Tools that automate statutory consolidation have been around for three decades. They are most useful for corporations that have ERP systems from multiple vendors and/or multiple instances of a single vendor’s financial software with different charts of accounts. Yet use of consolidation software is not ubiquitous. Our benchmark research Trends in Developing the Fast, Clean Close found that among companies with at least 100 employees, 26 percent use a dedicated consolidation system, 38 percent mainly use their ERP system and 30 percent use spreadsheets. The research also shows that 45 percent of midsize companies (those with 100 to 1,000 employees) and 62 percent of large and very large companies (those with 1,000 or more employees) have multiple ERP system vendors. (Most businesses with fewer than 100 employees have a single ERP vendor.) More companies with multiple ERP vendors use dedicated consolidation software than those with a single vendor (36% vs. 10%); the software speeds up the process of combining data from disparate systems. These organizations often get better results as well, the research reveals. Corporations that use dedicated consolidation software are more satisfied with their ability to manage the close process than those that use their ERP system and considerably more satisfied than those that use spreadsheets. Dedicated consolidation systems typically are more adept at managing the accounting close for companies that have complex ownership structures, which need to report results in multiple jurisdictions that have different accounting standards and different currencies.
At this point, our research finds minor differentiation in basic features and functions among products for consolidation software. Buyers’ preferences most often are shaped by their assessment of how easy it is to use a given vendor’s product, how well the software aligns with their existing business practices, the total cost of ownership, how closely the software fits with their company’s internal IT requirements and the degree to which a company prefers vendor standardization.

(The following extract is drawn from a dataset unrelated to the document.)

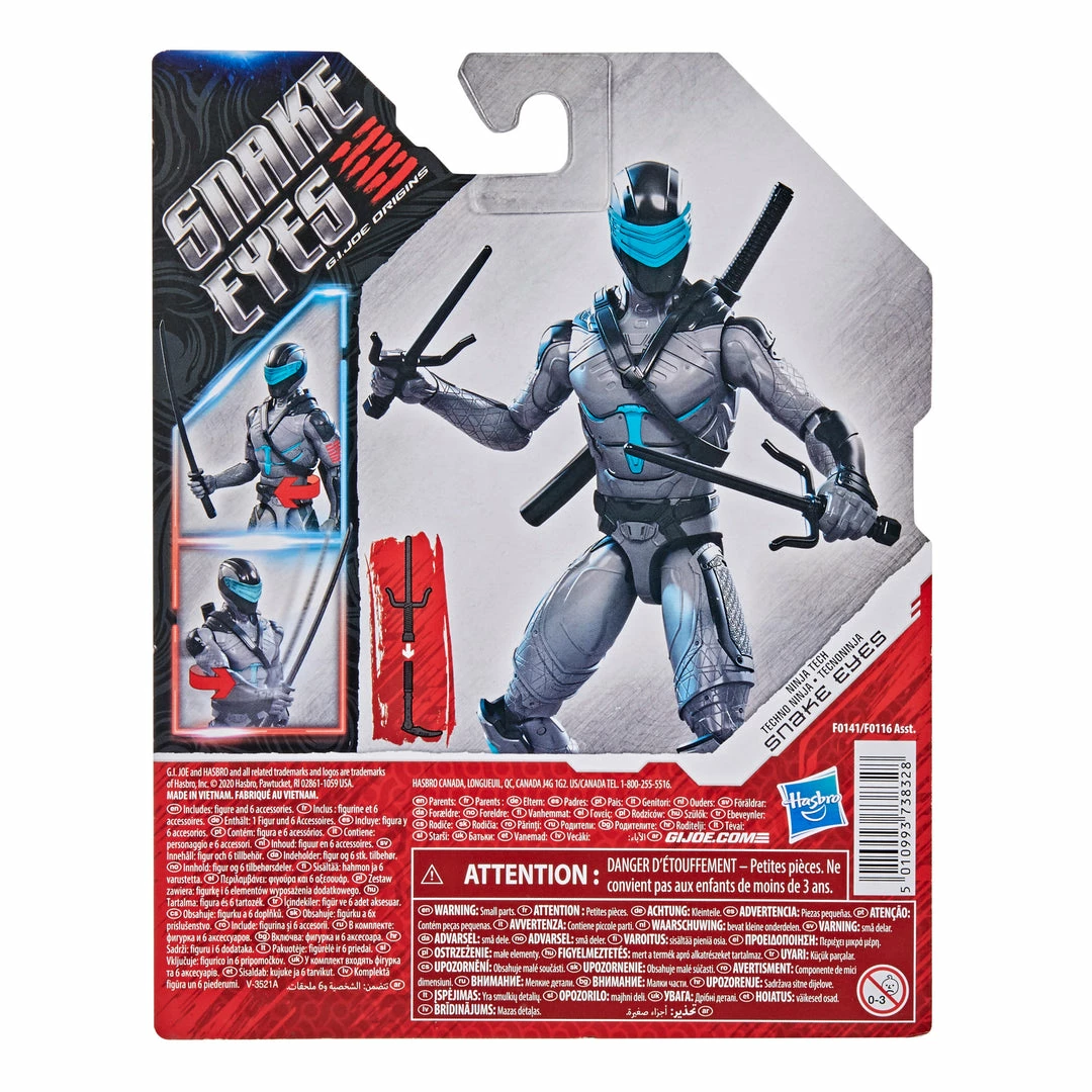Kids can imagine unsheathing their katanas and ninja-kicking into action with Snake Eyes! Enter a world of cutting-edge technology, traditional Ninjutsu weapons, breathtaking martial arts, and Next-Gen Ninjas with the Snake Eyes: G.I. Joe Origins Ninja Tech Snake Eyes action figure! This Ninja Tech Snake Eyes toy comes ready for action, with multiple points of articulation for poseability and character-inspired accessories!

Yet even corporations with a single ERP vendor can shorten the time it takes them to close because process automation features can speed handoffs and quickly identify delays and bottlenecks. As well, using dedicated consolidation software often enables a company to reduce the use of desktop spreadsheets in the closing process because, for example, it can have calculations for common cost allocations built into the system (as Adaptive Planning’s does). Our research has consistently found that heavy use of desktop spreadsheets results in more errors and that resolving these errors consumes time and resources. On average, companies that are substantial users of spreadsheets in their close said they could save 1.7 days if all errors in the close were eliminated, compared to just 1.1 day for those that use spreadsheets infrequently in closing.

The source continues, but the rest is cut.